CourtDistrict Court, D. New Mexico
DecidedJuly 21, 2025
Docket1:25-cv-00382
StatusUnknown

This text of Jemez Mountains Electric Cooperative, Inc. v. United States (Jemez Mountains Electric Cooperative, Inc. v. United States) is published on Counsel Stack Legal Research, covering District Court, D. New Mexico primary law. Counsel Stack provides free access to over 12 million legal documents including statutes, case law, regulations, and constitutions.

Bluebook
Jemez Mountains Electric Cooperative, Inc. v. United States, (D.N.M. 2025).

Opinion

`IN THE UNITED STATES DISTRICT COURT FOR THE DISTRICT OF NEW MEXICO

JEMEZ MOUNTAIN ELECTRIC ) COOPERATIVE, INC., et al., ) ) Plaintiffs, ) ) v. ) No. 1:25-CV-382-KK-KRS ) UNITED STATES, ) ) Defendant. )

ORDER GRANTING DEFENDANT’S EXPEDITED MOTION TO EXTEND ANSWER DEADLINE [ DOC. 7]

Currently before the Court is the Expedited Motion For Extension To File Answer Or Motion Under Federal Rule Of Civil Procedure 12 (“Motion”), filed July 10, 2025 by Defendant United States of America. For the reasons that follow, the Motion is GRANTED. Background The Complaint in this action seeks to recover against the United States under the Federal Tort Claims Act (FTCA) for damages purportedly caused between April 22, 2022 and June 15, 2022 by a fire that allegedly burned 45,605 acres, including land, improvements, and personal property owned by Plaintiffs. (Id. ¶ 18).1 Plaintiffs contend that the United States Forest Service (“USFS”) initiated the Pino West Prescribed Burn,2 which escaped from its containment area and caused what is now known as the Cerro Pelado Fire.

1 Plaintiffs are the Pueblo of Jemez, a federal recognized tribe located approximately fifty miles northwest of Albuquerque, New Mexico; the Jemez Mountain Electrical Cooperative, Inc.; TC Company; and eighteen individuals who own property in the Southern Jemez Mountains in Sandoval County, New Mexico. (Doc. 1 ¶¶ 2-5). 2 A prescribed burn is a planned fire intentionally ignited.
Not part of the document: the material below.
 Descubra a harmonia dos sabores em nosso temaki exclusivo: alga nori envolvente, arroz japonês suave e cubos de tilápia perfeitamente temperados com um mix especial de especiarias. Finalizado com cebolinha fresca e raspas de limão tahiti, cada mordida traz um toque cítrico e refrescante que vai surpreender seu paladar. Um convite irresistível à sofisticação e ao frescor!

The United States was required to answer or otherwise respond to the Complaint by sixty days after Plaintiffs’ service on the United States Attorney for the District of New Mexico. See FED. R. CIV. P. 4(i)(1)(A)(i); FED. R. CIV. P.12(a)(2). The docket indicates that service on the United States Attorney occurred on May 13, 2025. See (Doc. 5). Therefore, the United States’
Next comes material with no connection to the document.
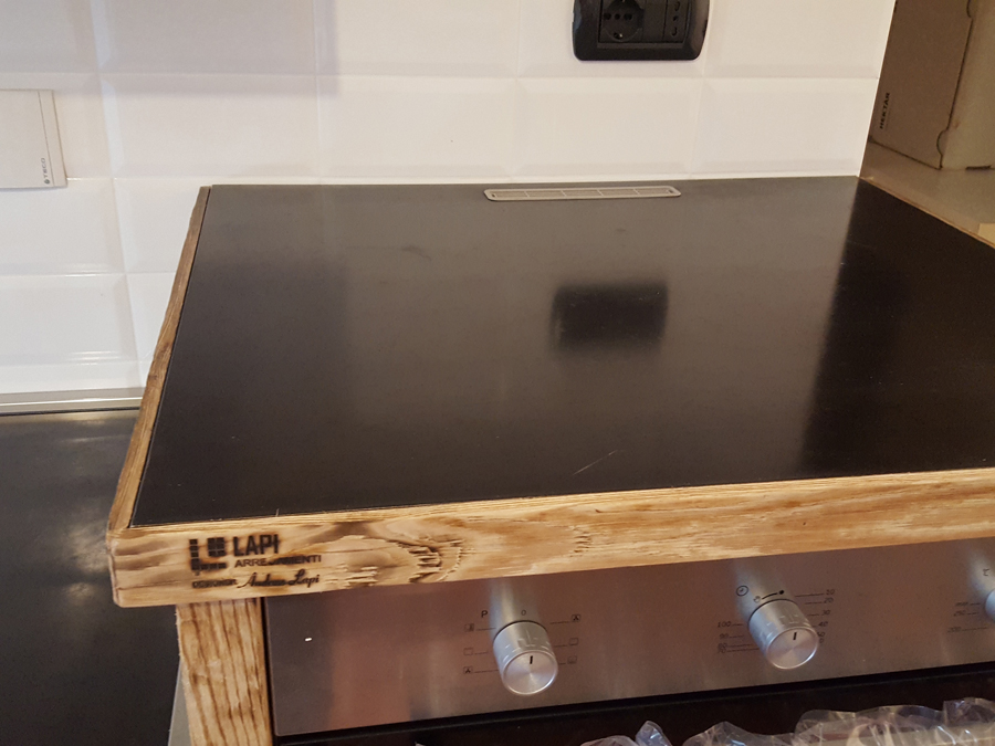 Cucina X-Natura in legno di recupero XN-CUC002 - Particolare del piano cottura in vetroceramica

response was due on or before Monday, July 14, 2025. On Thursday, July 10, 2025, the United States filed the present Motion seeking an extension of thirty days to file an answer or otherwise respond to the Complaint. The Motion indicates that it is opposed by Plaintiffs. As explained in the Motion, the United States sought Plaintiffs’ consent to a thirty-day extension, but Plaintiffs responded they would only agree if the United States consented to holding a Rule 26(f) conference to initiate jurisdictional discovery. The United States would not agree to jurisdictional discovery, and chose to file an opposed request for an extension of the response deadline instead. Given that the United States’ response deadline would have expired before the Motion could be briefed and ruled on, the Court stayed the deadline pending resolution of the Motion, and

also ordered Plaintiffs to file an expedited response explaining their opposition. See (Doc. 8). Plaintiffs filed their response on July 16, 2025. (Doc. 9). Per the Court’s stay order, the Motion is considered fully briefed unless the Court enters an order requesting a reply. See (Doc. 8). The Court does not believe a reply is necessary. Accordingly, the Motion is now ripe for ruling. Argument At the outset, the Court notes that the United States has not opposed Plaintiffs’ request for jurisdictional discovery. At least not yet. Rather, its position is that Plaintiffs’ request to meet and confer in order to initiate jurisdictional discovery is premature, because “the United States cannot develop its positions regarding the need for, scope of, and timeline to complete jurisdictional discovery until it responds to the Complaint, and it cannot respond to the Complaint until it: (1) completes its review of the factual allegations contained therein as well as in the attached exhibits; (2) gathers information to respond to the same; and (3) conducts an analysis of the potential jurisdictional and other legal defenses available. (Doc. 7 at 5).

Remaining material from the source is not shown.